From the first line to the last, give the records again exactly and skip the pictures.
***** Dataset entries *****
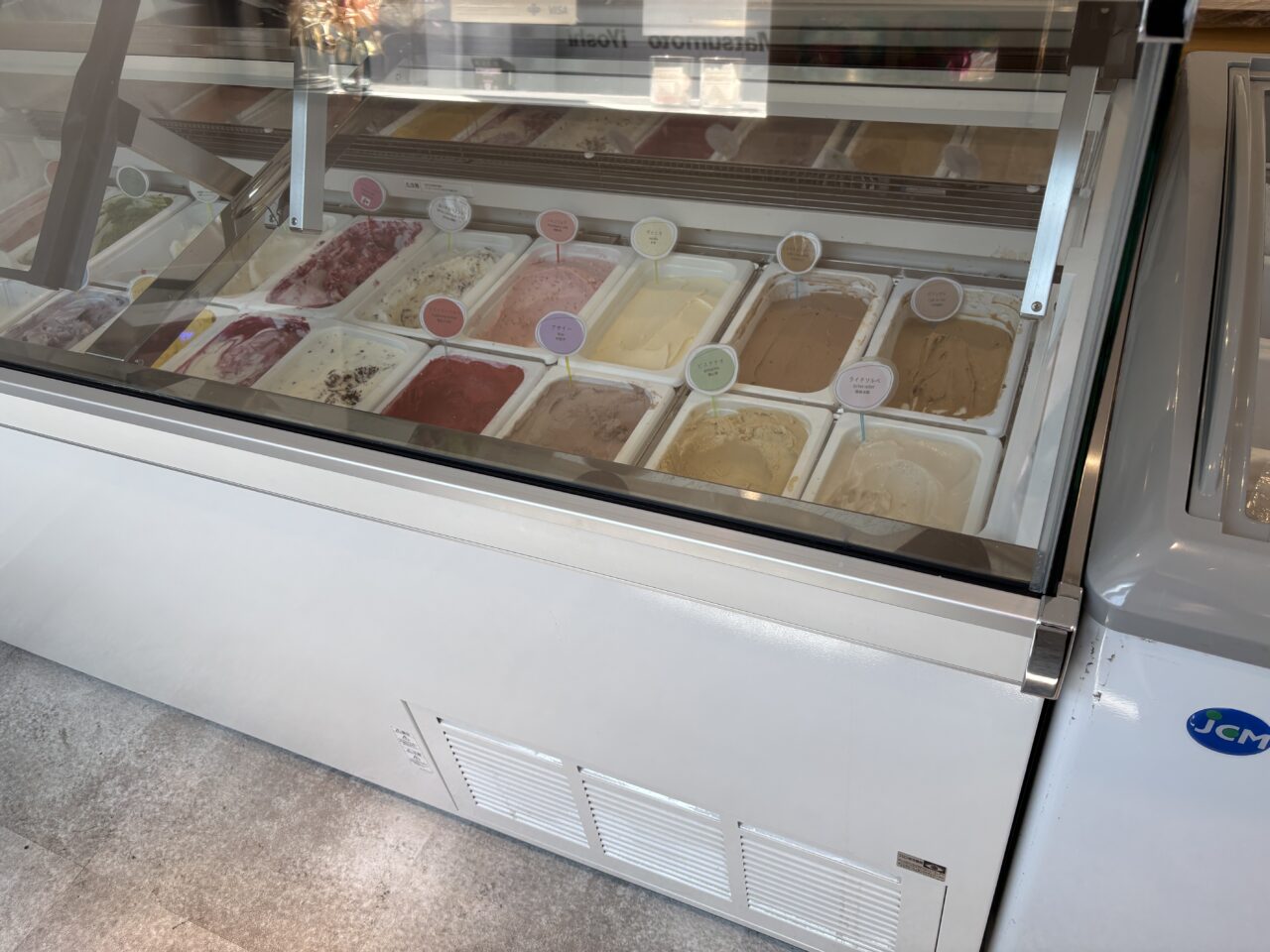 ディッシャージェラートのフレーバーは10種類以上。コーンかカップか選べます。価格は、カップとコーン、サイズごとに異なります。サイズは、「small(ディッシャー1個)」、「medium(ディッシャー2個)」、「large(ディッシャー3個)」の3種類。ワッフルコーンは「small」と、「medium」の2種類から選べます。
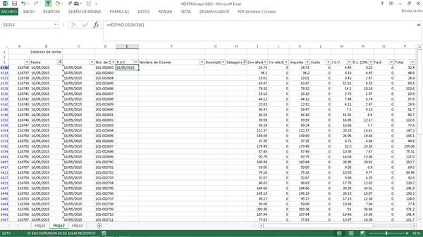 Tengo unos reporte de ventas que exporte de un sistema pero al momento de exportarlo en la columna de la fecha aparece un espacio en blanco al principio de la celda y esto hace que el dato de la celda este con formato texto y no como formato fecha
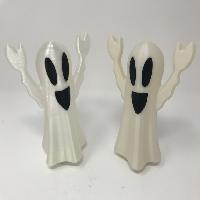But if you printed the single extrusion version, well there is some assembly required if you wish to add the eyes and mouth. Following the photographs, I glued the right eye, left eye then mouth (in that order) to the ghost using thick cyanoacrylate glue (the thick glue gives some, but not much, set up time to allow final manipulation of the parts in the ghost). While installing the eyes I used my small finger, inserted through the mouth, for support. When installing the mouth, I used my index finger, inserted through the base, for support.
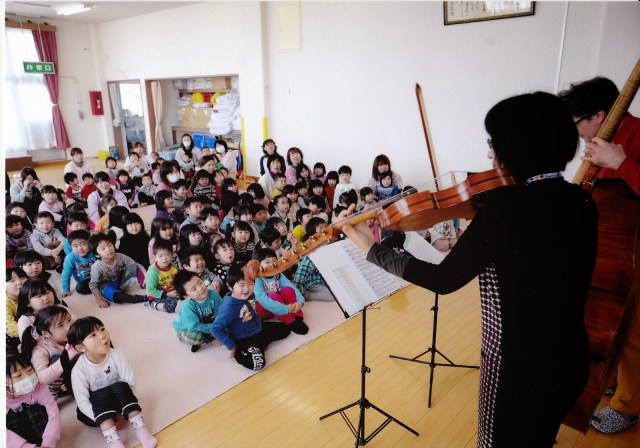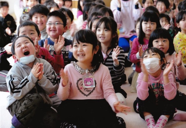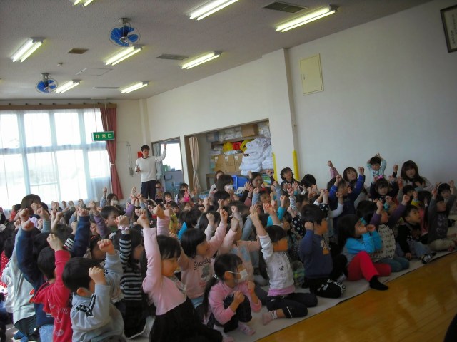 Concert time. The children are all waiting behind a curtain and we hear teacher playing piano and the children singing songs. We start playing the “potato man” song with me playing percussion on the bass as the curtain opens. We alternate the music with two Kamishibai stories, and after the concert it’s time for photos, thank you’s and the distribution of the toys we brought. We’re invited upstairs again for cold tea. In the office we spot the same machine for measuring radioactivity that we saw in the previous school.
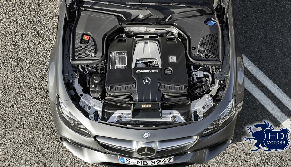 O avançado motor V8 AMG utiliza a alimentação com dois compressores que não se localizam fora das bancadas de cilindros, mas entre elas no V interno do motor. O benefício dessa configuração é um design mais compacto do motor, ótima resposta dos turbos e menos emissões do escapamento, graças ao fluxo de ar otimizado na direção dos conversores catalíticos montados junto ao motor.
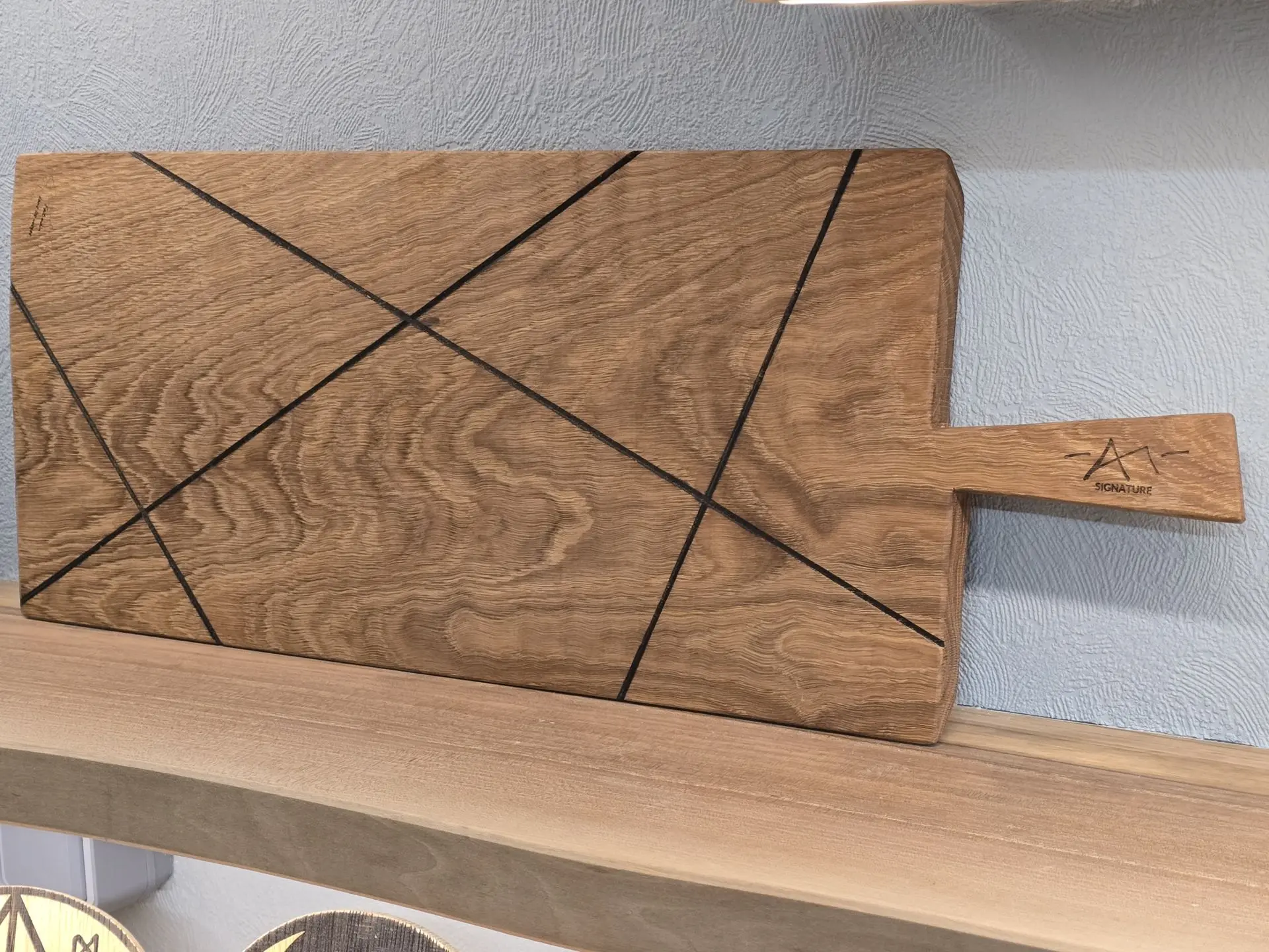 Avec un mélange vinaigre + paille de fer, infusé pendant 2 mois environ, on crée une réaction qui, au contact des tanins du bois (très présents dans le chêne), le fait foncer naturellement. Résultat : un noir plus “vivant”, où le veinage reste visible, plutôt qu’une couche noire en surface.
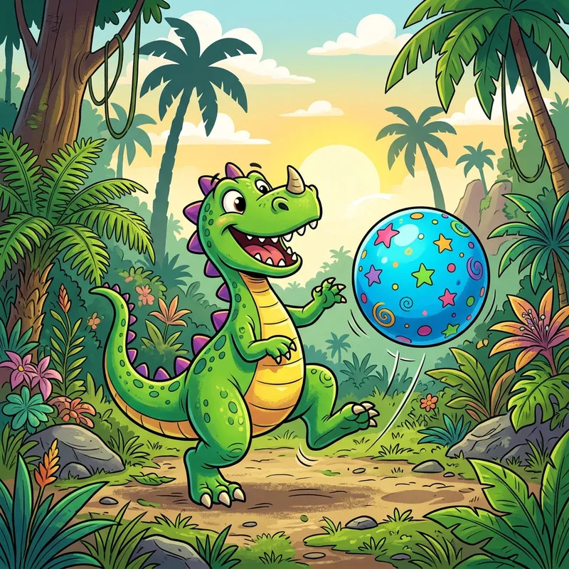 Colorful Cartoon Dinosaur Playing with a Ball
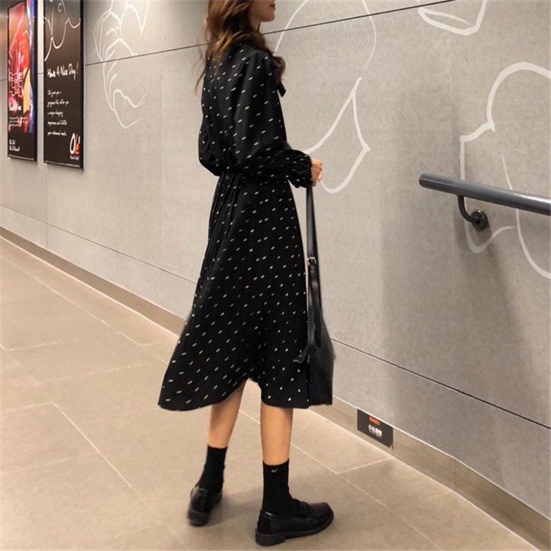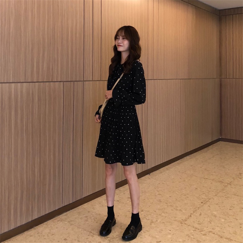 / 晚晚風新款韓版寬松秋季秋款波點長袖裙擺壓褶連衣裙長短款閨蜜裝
*****
> **Output**:
 ディッシャージェラートのフレーバーは10種類以上。コーンかカップか選べます。価格は、カップとコーン、サイズごとに異なります。サイズは、「small(ディッシャー1個)」、「medium(ディッシャー2個)」、「large(ディッシャー3個)」の3種類。ワッフルコーンは「small」と、「medium」の2種類から選べます。
 Tengo unos reporte de ventas que exporte de un sistema pero al momento de exportarlo en la columna de la fecha aparece un espacio en blanco al principio de la celda y esto hace que el dato de la celda este con formato texto y no como formato fecha
But if you printed the single extrusion version, well there is some assembly required if you wish to add the eyes and mouth. Following the photographs, I glued the right eye, left eye then mouth (in that order) to the ghost using thick cyanoacrylate glue (the thick glue gives some, but not much, set up time to allow final manipulation of the parts in the ghost). While installing the eyes I used my small finger, inserted through the mouth, for support. When installing the mouth, I used my index finger, inserted through the base, for support.
 Concert time. The children are all waiting behind a curtain and we hear teacher playing piano and the children singing songs. We start playing the “potato man” song with me playing percussion on the bass as the curtain opens. We alternate the music with two Kamishibai stories, and after the concert it’s time for photos, thank you’s and the distribution of the toys we brought. We’re invited upstairs again for cold tea. In the office we spot the same machine for measuring radioactivity that we saw in the previous school.
 O avançado motor V8 AMG utiliza a alimentação com dois compressores que não se localizam fora das bancadas de cilindros, mas entre elas no V interno do motor. O benefício dessa configuração é um design mais compacto do motor, ótima resposta dos turbos e menos emissões do escapamento, graças ao fluxo de ar otimizado na direção dos conversores catalíticos montados junto ao motor.
 Avec un mélange vinaigre + paille de fer, infusé pendant 2 mois environ, on crée une réaction qui, au contact des tanins du bois (très présents dans le chêne), le fait foncer naturellement. Résultat : un noir plus “vivant”, où le veinage reste visible, plutôt qu’une couche noire en surface.
 Colorful Cartoon Dinosaur Playing with a Ball
 / 晚晚風新款韓版寬松秋季秋款波點長袖裙擺壓褶連衣裙長短款閨蜜裝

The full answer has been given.